Question: A metal having work function 2ev is projected with a light of wavelength 7.5 and 4 what is the ratio...

Question

A metal having work function 2ev is projected with a light of wavelength 7.5 and 4 what is the ratio of intensity of photoelectrons

Answer 1

Solution

The problem asks for the ratio of the intensity of photoelectrons when a metal with a given work function is illuminated by light of two different wavelengths.

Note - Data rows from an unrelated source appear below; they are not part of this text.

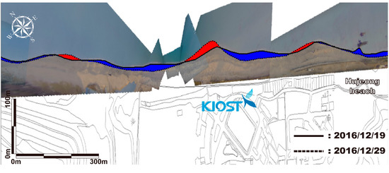 Comparison of shoreline positions in Hujeong Beach measured by VMS. Black solid line marks the shoreline measured on 19 December 2016 and black dashed marks the shoreline on 29 December 2016. The difference between these two lines is colored with red or blue as it denote the accretion or retreat area during the period respectively.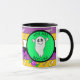 Halloween themed coffee mug with hand drawn ghost, candy corn, candy purple, lime green and orange Autumn Mug.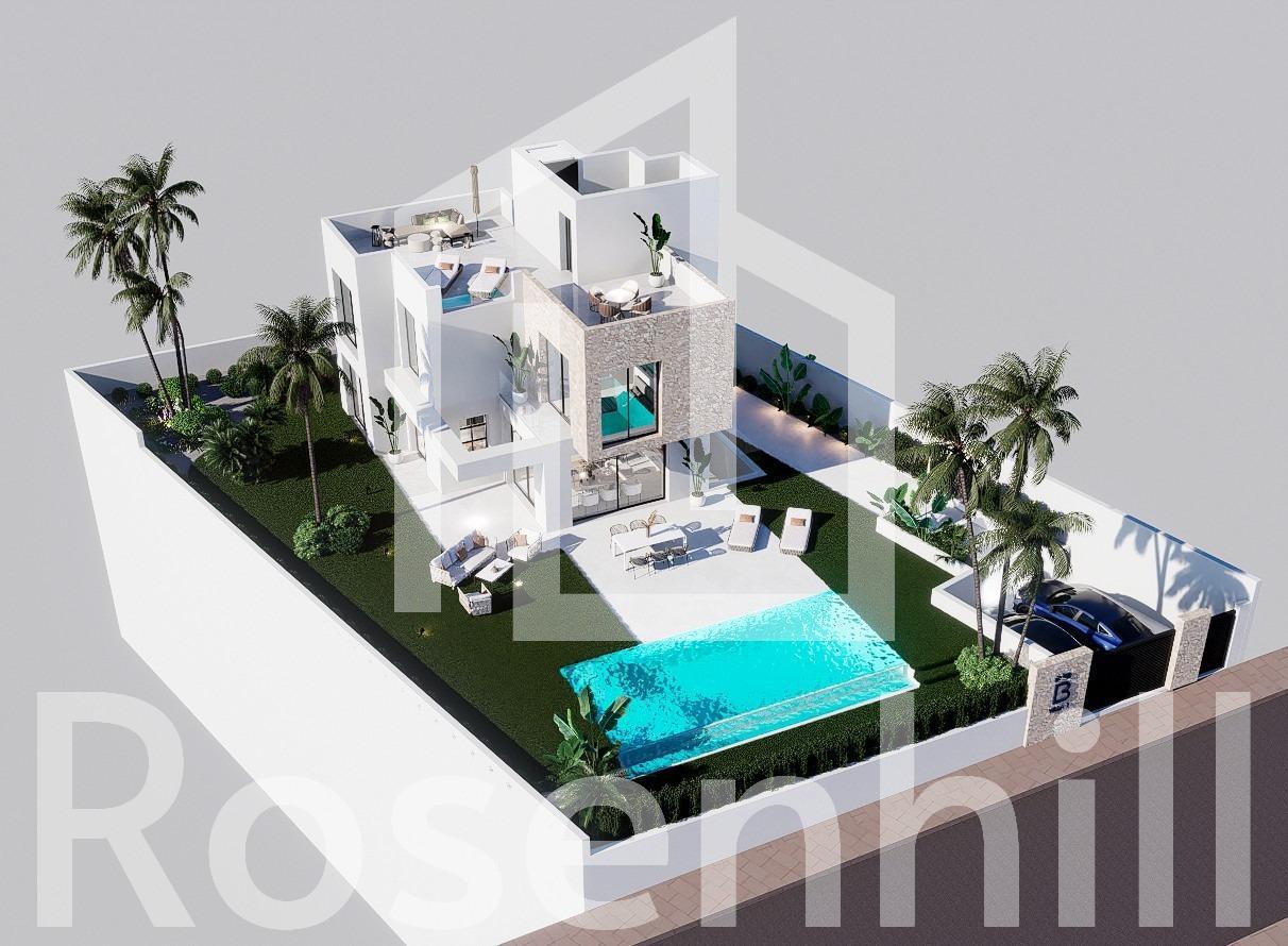 NEW BUILD VILLAS IN FINESTRAT New Build villas located in Balcon de Finestrat. New Build deverlopment of 15 totally independent luxury villas in a unique setting close to the best beaches of the Mediterranean and all services. Villas build over 2 floors and has 3 bedrooms, 3 bathrooms, open plan kitchen with lounge, build-in wardrobes, private solarium, garden with the pool and parking space for 2 cars. An optional basement and lift at an extra cost. Villas located close to 2 golf courses, theme parks, a large shopping centre and a few minutes from the beaches of Benidorm. Finestrat located in the Marina Baixa region of the Costa Blanca, close to neighbouring Benidorm and about 40 kilometres from the city of Alicante and the international airport. Benidorm is just a five-minute drive from the properties and offers all the services you would need including shops, bars, restaurants, supermarkets, banks, pharmacies and several private international schools. Close to the beaches of Levante, Poniente and Cala de Finestrat, with more than 6km in length that are among the best in Europe awarded by the European Union with Blue Flags. All leisure services such as the theme parks of Aqua Natura, Terra Mítica, Terra Natura, Aqualandia and Mundomar, Sierra Cortina and Villaitana Golf courses, hiking and climbing in Puig Campana an incomparable natural setting or enjoy of nautical sports.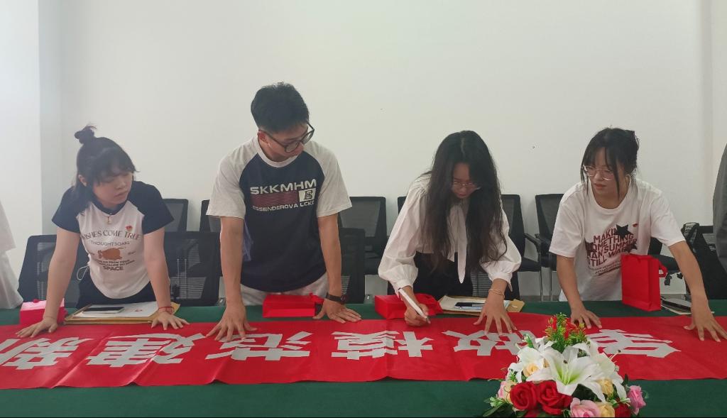 会场还举行了纪念品赠送、横幅签名和合影留念等环节。纪念品印有学院标识与“建党百年·青春向党”元素,寓意母校深情祝福;横幅签名则写下对文明离校和建功立业的庄严承诺。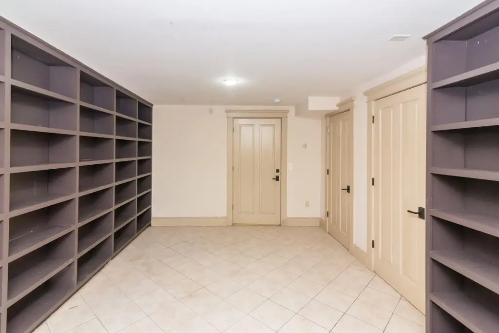 • Custom-built cabinets with beveled glass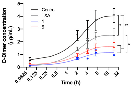 The antifibrinolytic activity of compounds 1 and 5 was also studied on whole blood by measuring the concentration of D-dimer, a specific fibrinolytic marker released in clot lysis [17]. After the addition of tPA and the two compounds or TXA on pre-formed clots, the concentration of released D-dimer was quantified and compared to a non-treated control clot (Figure 5). D-dimer levels increased in the four different conditions after tPA was added to the clots, implying that fibrinolysis had been initiated. After 24 h of incubation, a significant increase in D-dimer was detected in the control clot compared to clots containing one of the studied compounds or TXA, evidencing that the two studied compounds, as well as TXA, were effective inhibitors of clot lysis. D-dimer release at timepoint 24 h was significantly lower for compound 1 than for TXA and around 35% lower than for compound 5, and was the molecule with more antifibrinolytic potency according to this test.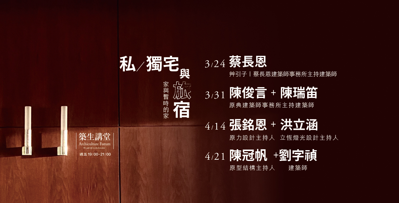 本次演講將解構【星屋】的設計理念、如何藉家屋的格局建構居者與天地萬象的關係。亦特別邀請為【星屋】設計燈光、「2020台灣光環境獎」得主洪立涵設計師解說住宅燈光設計的要點。

Work Function and Threshold Wavelength: The work function of the metal is given as $\phi = 2 \text{ eV}$ . The threshold wavelength ( $\lambda_0$ ) is the maximum wavelength of light that can cause photoemission. It can be calculated using the formula: $\phi = \frac{hc}{\lambda_0}$ Using the convenient constant $hc = 1240 \text{ eV nm}$ : $\lambda_0 = \frac{1240 \text{ eV nm}}{2 \text{ eV}} = 620 \text{ nm}$
Check for Photoemission: The given wavelengths are $\lambda_1 = 7.5$ (presumably nm) and $\lambda_2 = 4$ (presumably nm). Since both $\lambda_1 = 7.5 \text{ nm}$ and $\lambda_2 = 4 \text{ nm}$ are much smaller than the threshold wavelength $\lambda_0 = 620 \text{ nm}$ , the energy of the incident photons is greater than the work function. Therefore, photoemission will occur for both wavelengths.
Intensity of Photoelectrons: In the photoelectric effect, the "intensity of photoelectrons" refers to the rate at which photoelectrons are emitted, which is directly proportional to the photocurrent. The number of photoelectrons emitted per unit time (and thus the photocurrent or "intensity of photoelectrons") is directly proportional to the intensity of the incident light, provided the photon energy is above the work function. It does not depend on the frequency or wavelength of the incident light.
Ratio Calculation: The problem provides the wavelengths but does not provide any information about the intensities of the incident lights for these two wavelengths. In the absence of such information, it is a standard assumption in physics problems that the incident light intensities are equal. Let $I_{inc1}$ and $I_{inc2}$ be the intensities of the incident lights corresponding to $\lambda_1$ and $\lambda_2$ . Let $N_{e1}$ and $N_{e2}$ be the number of photoelectrons emitted per unit time (or "intensity of photoelectrons") for $\lambda_1$ and $\lambda_2$ . We have $N_{e1} \propto I_{inc1}$ and $N_{e2} \propto I_{inc2}$ . The ratio of the intensity of photoelectrons is $\frac{N_{e1}}{N_{e2}} = \frac{I_{inc1}}{I_{inc2}}$ . Assuming $I_{inc1} = I_{inc2}$ (i.e., the incident lights have the same intensity), then: $\frac{N_{e1}}{N_{e2}} = \frac{1}{1}$

Thus, the ratio of the intensity of photoelectrons is 1:1.

Explanation of the solution: The work function determines the threshold wavelength for photoemission. Both given wavelengths are much shorter than the threshold wavelength, ensuring photoemission. The "intensity of photoelectrons" (i.e., the number of electrons emitted per second) is directly proportional to the intensity of the incident light, not its wavelength, as long as photoemission occurs. Since the incident light intensities are not specified, they are assumed to be equal, leading to a 1:1 ratio of photoelectron intensities.